The Veresov: 3...c5 4 Bxf6 gxf6 5 e3 [D01]

The final option after 1 d4 Nf6 2 Bg5 d5 is 3 e3 c5 4 Bxf6 gxf6 5 Nc3, aka 1 d4 Nf6 2 Nc3 d5 3 Bg5 c5 4 Bxf6 gxf6 5 e3 and a Veresov. We haven’t considered that opening too much of late, but this remains a reasonable surprise try, or at least plenty of players still aren’t going for the 5...cxd4 6 exd4 h5! as Black. 5...Nc6 is quite playable too, but 6 Qh5 at least gives White what he wants:

It was only a blitz encounter, but Agamaliev, G - Van Foreest, J, is still quite thematic, as well as instructive.

The Jobava-Prié Attack: 3...Bf5 4 e3 [D00]

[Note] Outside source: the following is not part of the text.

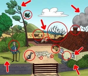 Tips: Fii atentă la logica din imagine. Sunt o grămadă de mici detalii care nu pot exista în realitate (de exemplu, uit-te la câmp). Dacă vrei să te verifici uită-te la rezolvare, dar nu trișa înainte.

After 1 d4 d5 2 Nc3 Nf6 White is, of course, much more likely to go 3 Bf4 these days, with 3...Bf5 4 e3 preferred to 4 f3 in Erigaisi, A - Sjugirov, S, which continued 4...e6 5 Bd3 Bg6:

Aggression most certainly wasn’t off Erigaisi’s agenda and 6 h4! quickly posed some early questions.

The Jobava-Prié Attack: 3...e6 4 Nb5 [D00]

After 1 d4 Nf6 2 Nc3 d5 3 Bf4 e6 the topical choice is 4 Nb5 when 4...Na6 5 e3 Be7 6 h4!? saw White managing to involve Harry a move faster than Jorden van Foreest did:

After 6...c6 7 Nc3 c5 8 Nf3 Black might have taken play back into Van Foreest-Giri with 8...0-0, but that was delayed in Erigaisi, A - Harsha, B, where 8...Bd7 9 Ne5 Nb4?! 10 g4! grabbed a powerful early initiative.

The London: 3...c5 4 e3 Nc6 5 Nbd2 Nh5!? [D02]

One topical line of the 1 d4 d5 2 Nf3 Nf6 3 Bf4 London is 3...c5 4 e3 Nc6 5 Nbd2 Nh5!? when 6 dxc5 Nxf4 7 exf4 gives Black a few options:

As 7...e6?! 8 Nb3 looks like insufficient compensation and 7...Qa5 is perhaps also not fully optimal, the Catalan style 7...g6 is probably best, as we’ll see in Czopor, M - Nasuta, G.

Let’s hope for some more attacking magic to enjoy and explore next month!